Can Hummingbirds Tell Time?
Scientists Discover That Hummers Are Brainy

Student Starting Page

Materials
* 8 paper cups
* Marker, pen, or pencil (2 colors)
* Small treats (e.g., candy or nonedible items)
* Handout: Where's the Nectar?

Overview: Students participate in a simple memory activity by pretending to be hummingbirds in search of nectar. The game loosely simulates the rufous hummingbird study described on the student page.

Preparation

  • Mark a light dot inside each of 4 paper cups. (Marks should not be visible from the outside.) Those cups will represent "fast-refill" flowers. Use another color to mark the remaining 4 cups. They will be "slow-refill" flowers.
  • Turn the cups upside down on a desk in a random order.
  • Pass out copies of Where's the Nectar? to individuals or small groups.

Activity

  1. Explain that after being visited by a hummingbird or other pollinator, some flowers refill with nectar faster than others. Students will have a chance to pretend they're hummingbirds visiting flowers in search of nectar.
  2. Choose a volunteer. Tell the class that the researchers gave hummers in the wild some time to learn which flowers filled up faster than others. Give the volunteer a few seconds to lift each "flower" and note the color dot it has. Explain the significance of each color.
  3. Send the volunteer hummingbird out of the room. Next, put a small treat under the fast-refill cups, but nothing under the slow-refill cups.
  4. Invite the hummingbird to return. Explain that it has only enough energy to visit 4 flowers. It will waste energy if it visits empty flowers. Give the hummer a few seconds to make its selections. Have the class use the Where's the Nectar? handout to record the results. (Photo: J. Alison)
  5. Continue until your hummers have made 10 visits. Use a new volunteer each time. Give hummers a different number of flowers to visit on each attempt. Keep track of which flowers were recently drained; don't put a treat under them. On every few visits, put a treat under some of the slow-refill flowers.

Making Connections

  • As students review their results, ask, What statements can you make about our class hummingbirds? What conclusions could you draw?
  • Read what the scientists discovered about hummers. Then come back to the journaling and discussion questions below.

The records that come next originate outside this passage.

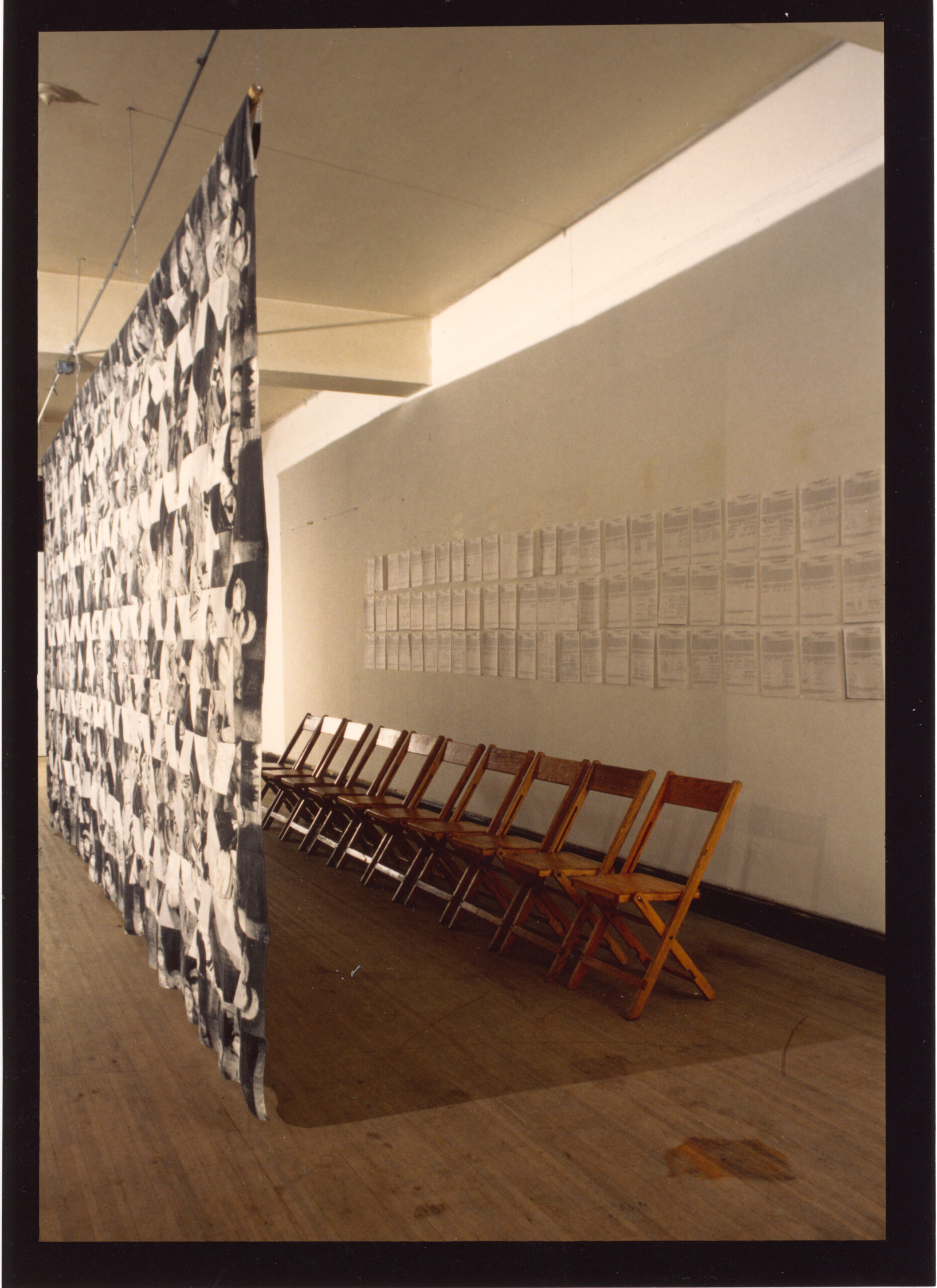 Color photograph of Leslie A. Golomb and Louise Silk’s quilted mechitzah with chairs behind it. Date 1995 Identifier MSS_1326_B001_F043_I02 Collection Louise Silk Papers and Photographs [MSS 1326] Source Rauh Jewish Archives at the Heinz History Center
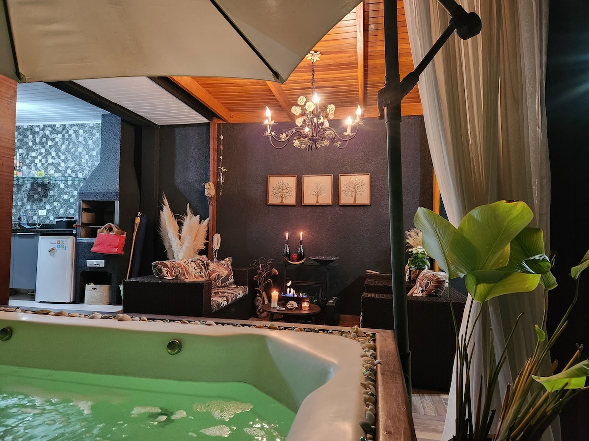 Divertisment cu întreaga familie în acest loc elegant, casa pentru 10 persoane compilează un decor boho praiana, care amintește de colonia portugheză cu o notă modernă. Are o piscină cu o cascadă privată, precum și posibilitatea de a utiliza piscina comună a pensiunii cu mic dejun. Are o zonă privată împrejmuită, inclusiv parcare și o zonă privată de grătar. Există 50 m de mare, în cea mai selectivă stațiune Itapoá, cu piață, farmacie, brutărie, magazin de fructe, friptură și snack baruri din apropiere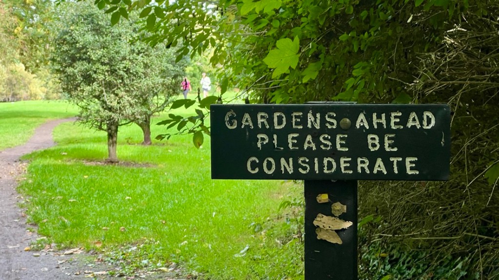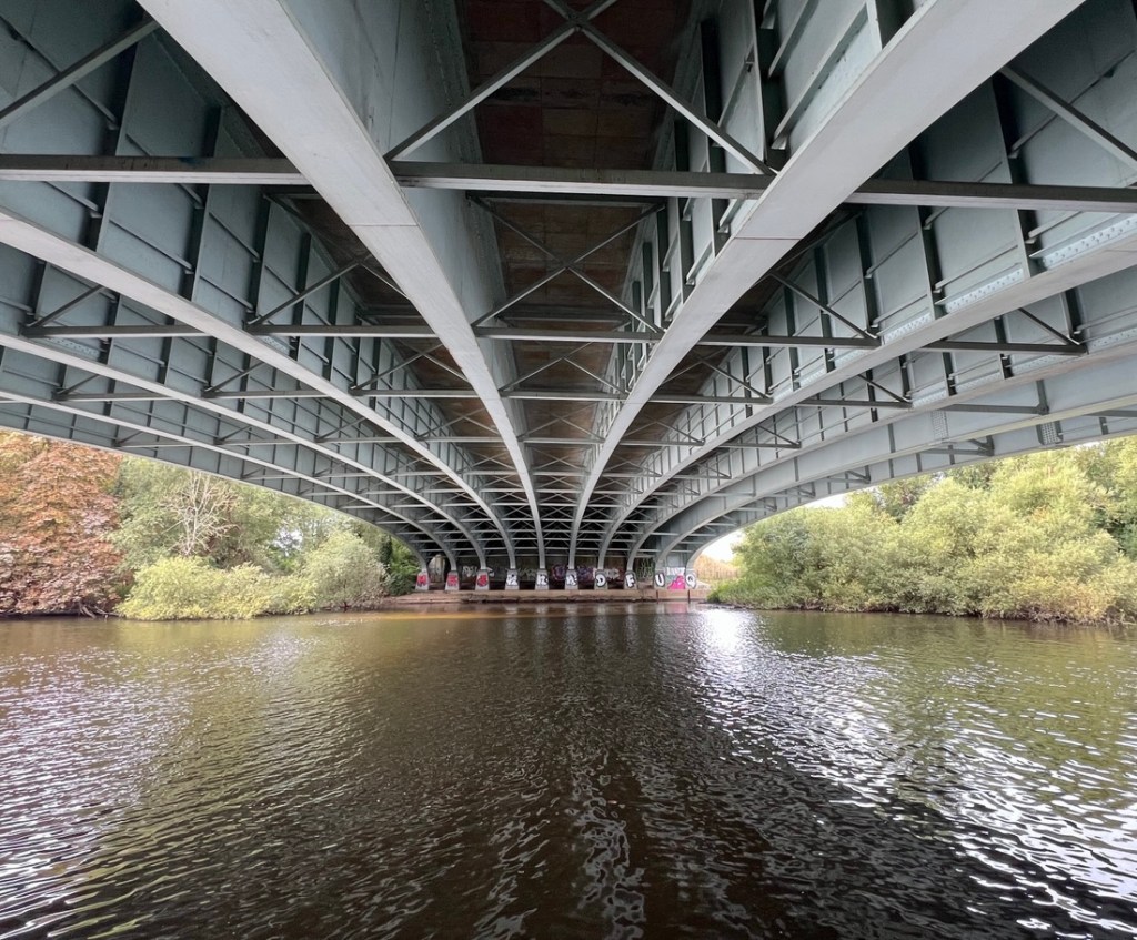 A bridge allowed a great view of Boulter’s Lock.Lots of moored boats in the outskirts of Maidenhead.We need to go over that bridge!A pretty view upstream from Maidenhead road bridge, looking back at where we’d walked.Maidenhead had a large rowing club and we saw many rowers including this quadruple scull and their coach boat pass under the Maidenhead Railway Bridge, designed by Isambard Kingdom Brunel and opened in 1839.The view from underneath the M4 motorway just downstream of Maidenhead.Such a polite English sign!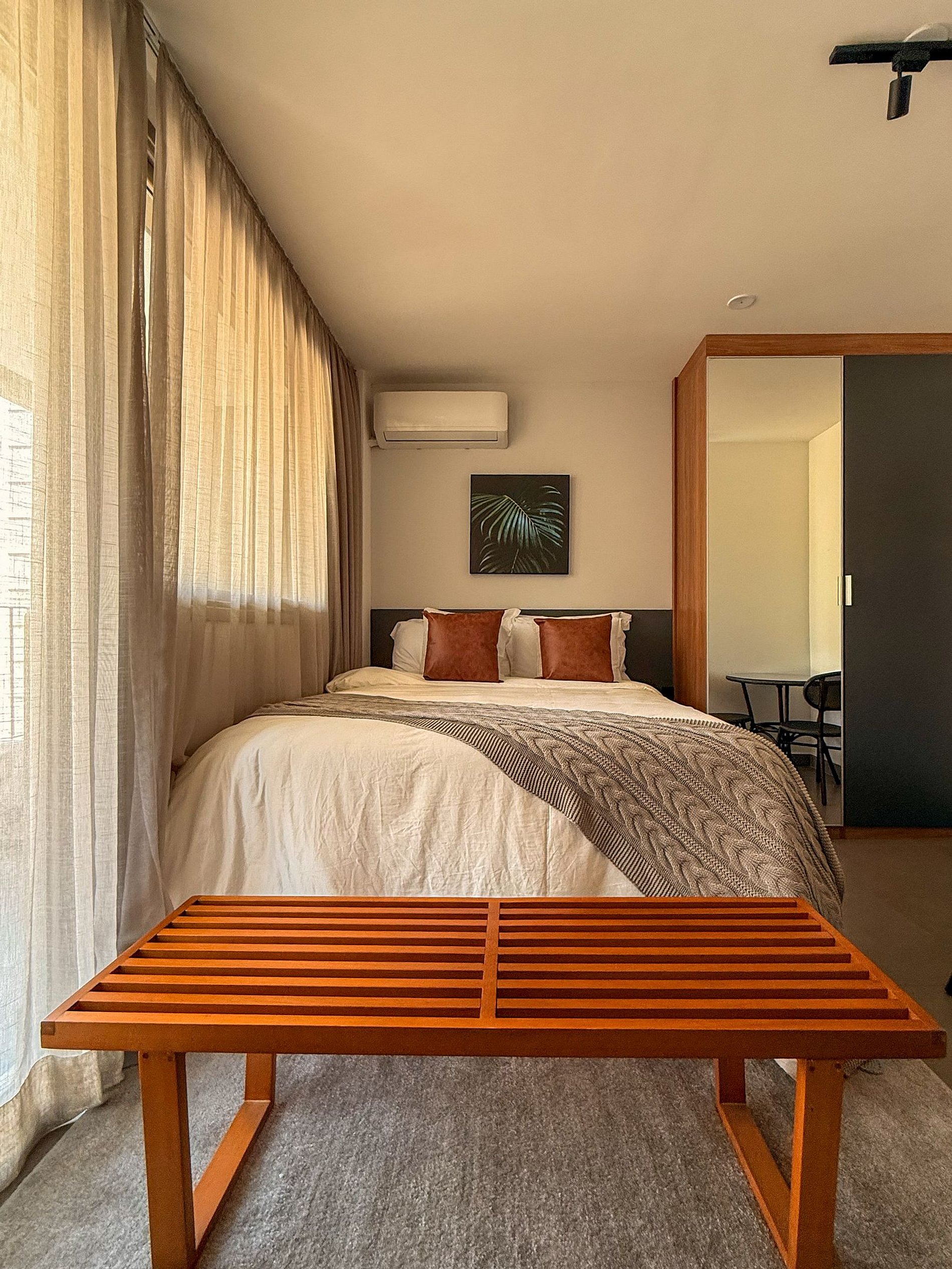 Studio extremamente confortável, bem iluminado e com wi-fi rápido, localizado no Jardins. Ideal para quem busca praticidade, local com coworking estruturado, descanso e boa localização em São Paulo. Além de um lugar com blackout perfeito para as noites de sono revigorantes.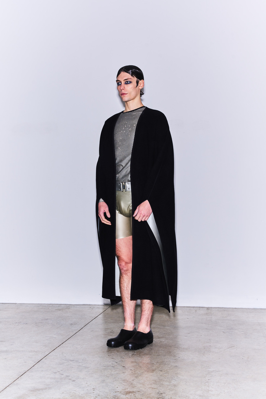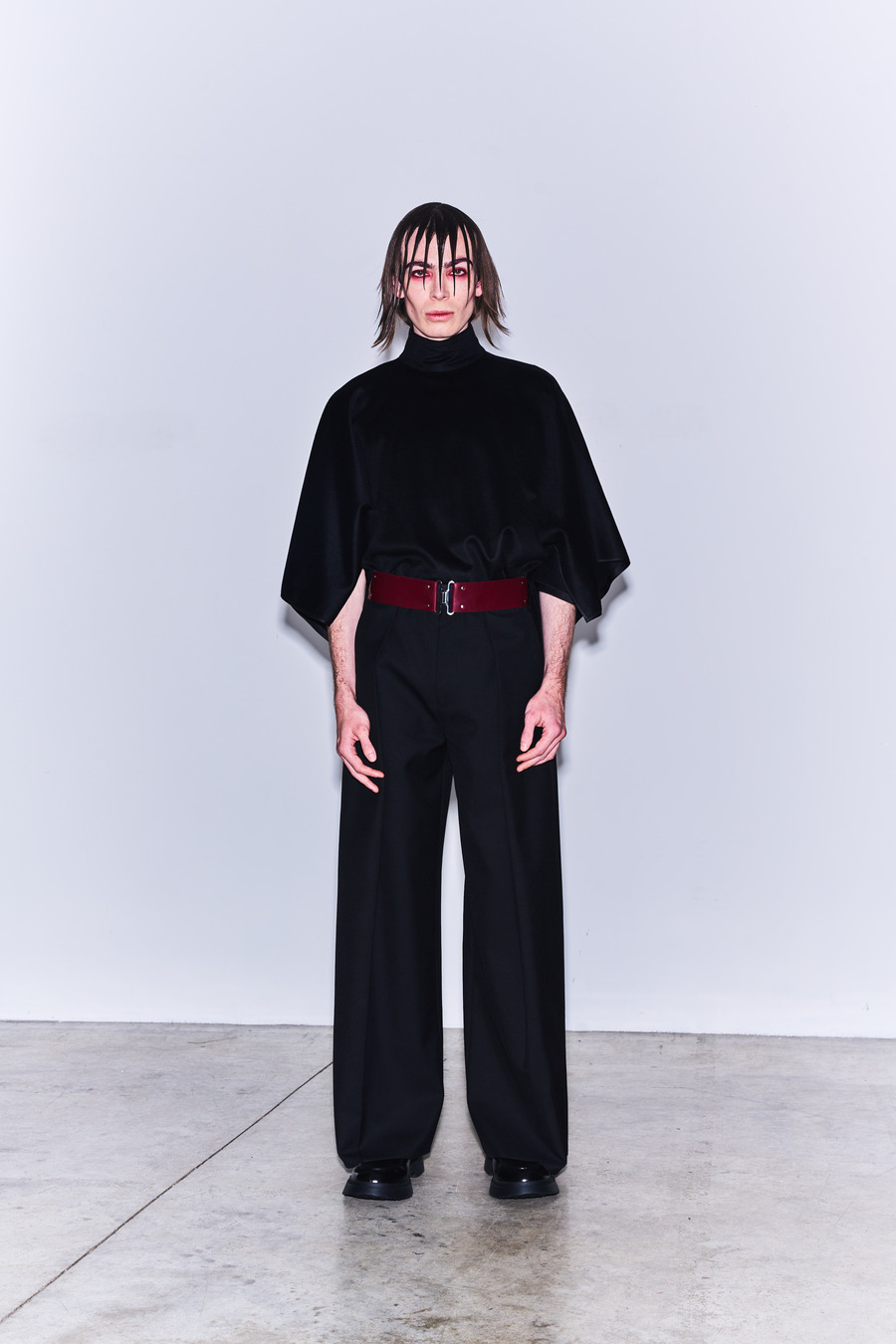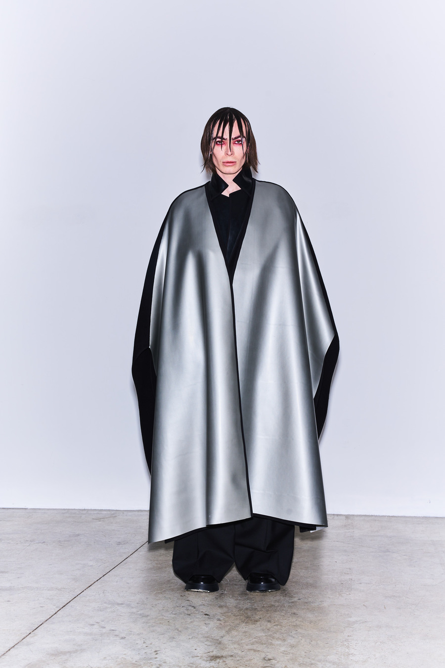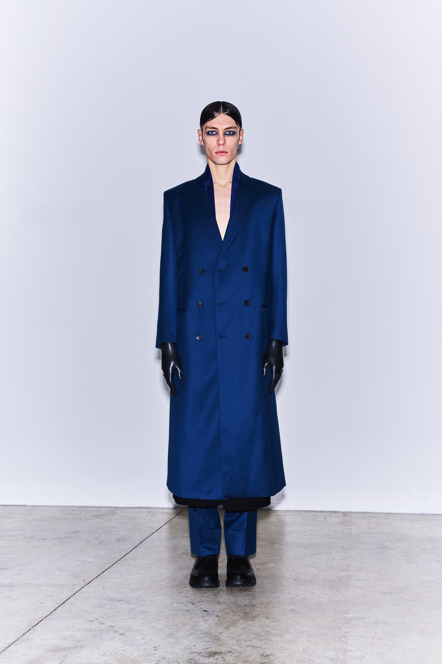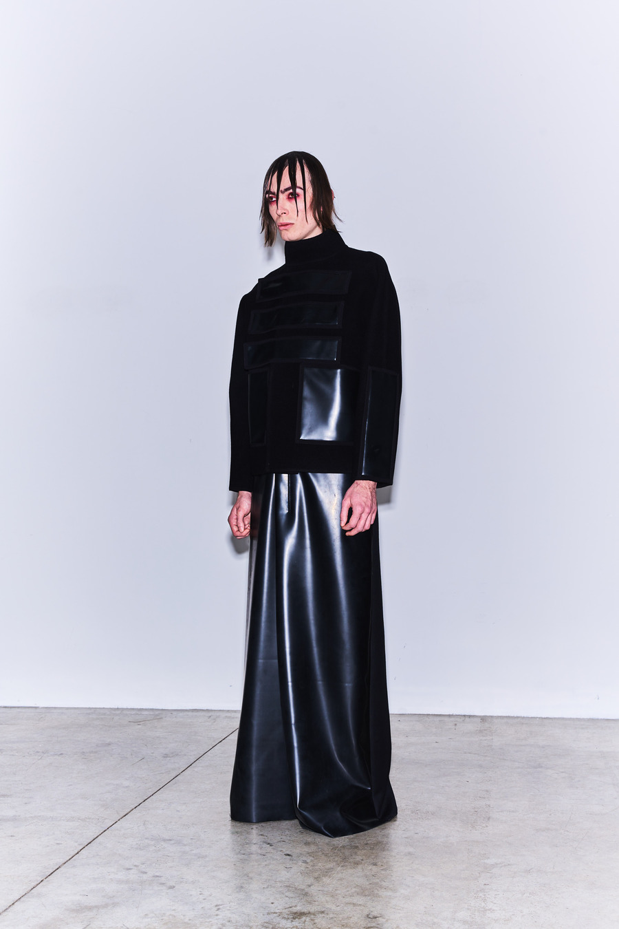 As if in a choreographed ballet of utilitarian structure and ornate expression, the Philipp Dorner AW24 collection carves out its niche. It channels the spirit of spatial exploration to its zenith, transposing the dynamism of dancers’ postures into sartorial blueprints. Straight-cut panels alone are entrusted to construct the collection’s volumetric silhouettes, orchestrating a space where fabric and form merge.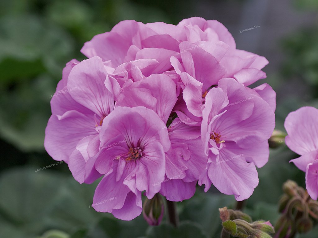 Pelargonie, lidovým názvem muškáty, pochází z Jižní Afriky, odkud se rozšířily na počátku 17. století do Evropy. Lze je rozdělit podle typů květů na jednoduché a plnokvěté, nebo podle vzrůstu na převislé a vzpřímené. Tento rod se těší velké oblibě díky nenáročnému pěstování, bohatému kvetení, širokému spektru barev a velkých možností využití jak v mobilních nádobách, tak ve volné půdě. Plnokvěté odrůdy je lepší vysazovat na chráněná stanoviště. Jednoduché odrůdy se hodí i k výsadbě na záhonyy. Rostliny kvetou od května až do zámrazu. Podle jejich vzrůstnosti se používají k výsadbě okenních truhlíků, nádob, závěsných květináčů, ale i do volné půdy.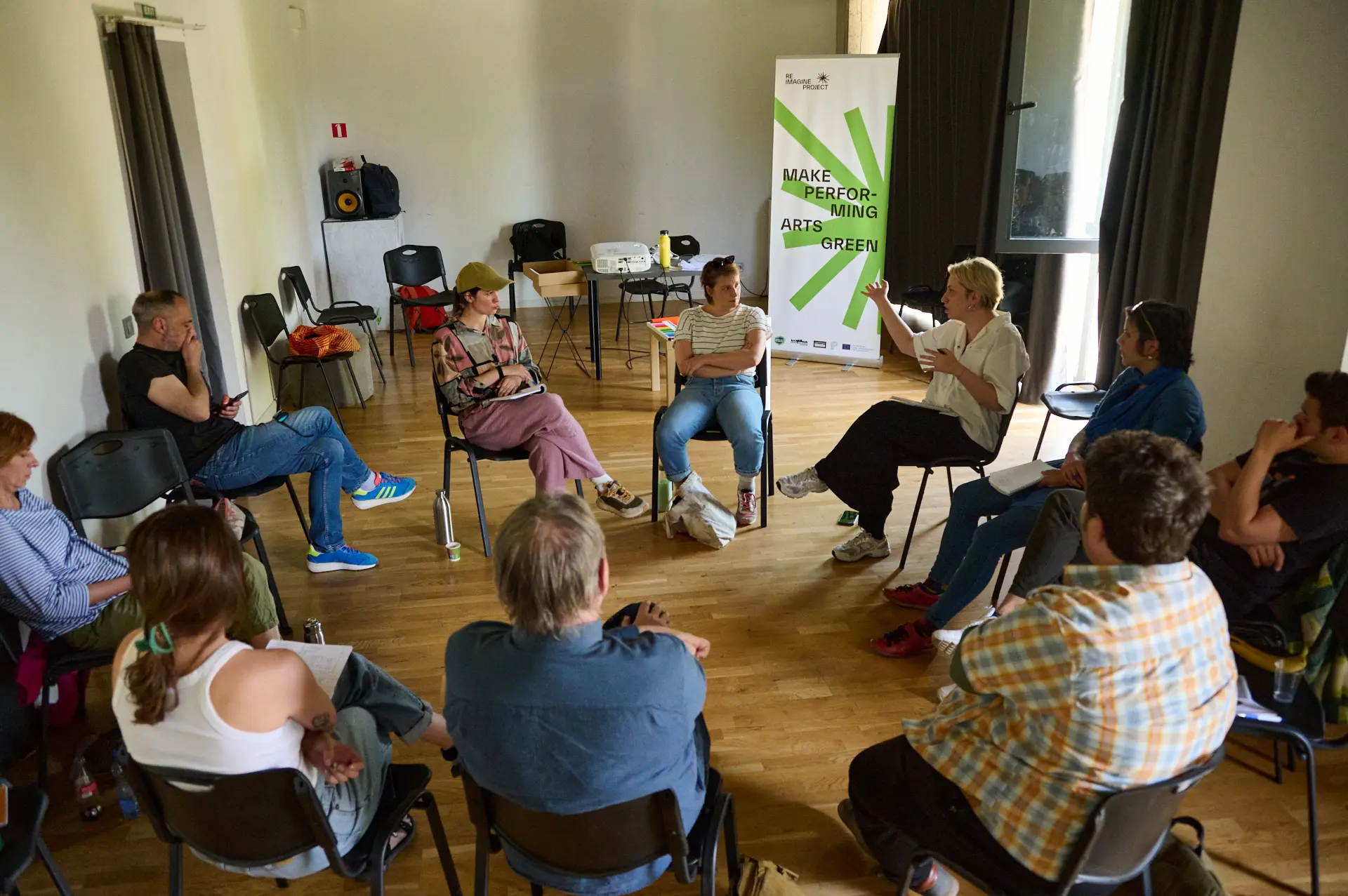 Događaj je okupio studente pozorišnih usmerenja, umetnike, producente, istraživače i druge profesionalce u polju kulture, sa ciljem da se predstave konkretni alati i metodologije za integraciju principa ekološke održivosti i klimatske pravde u izvođačke umetnosti.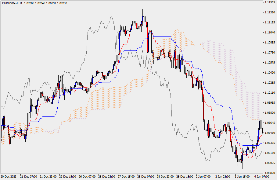 - 転換線に対して基準線が下抜けたら上昇トレンドの始まり(下降トレンドの終わり)

Journaling and Discussion Questions

  • How was our game similar to the actual research study? How was it different? What made the real hummingbirds' task more difficult than ours?
  • Why do you think this sense of timing is an important adaptation for survival?
  • Could you conclude from the research that rufous hummers can keep track of dozens of different flowers? Why or why not? Could you conclude that rubythroated hummingbirds are just as brainy as rufous ones? Why or why not?
  • Name 2 things you learned about scientists or science research from this activity.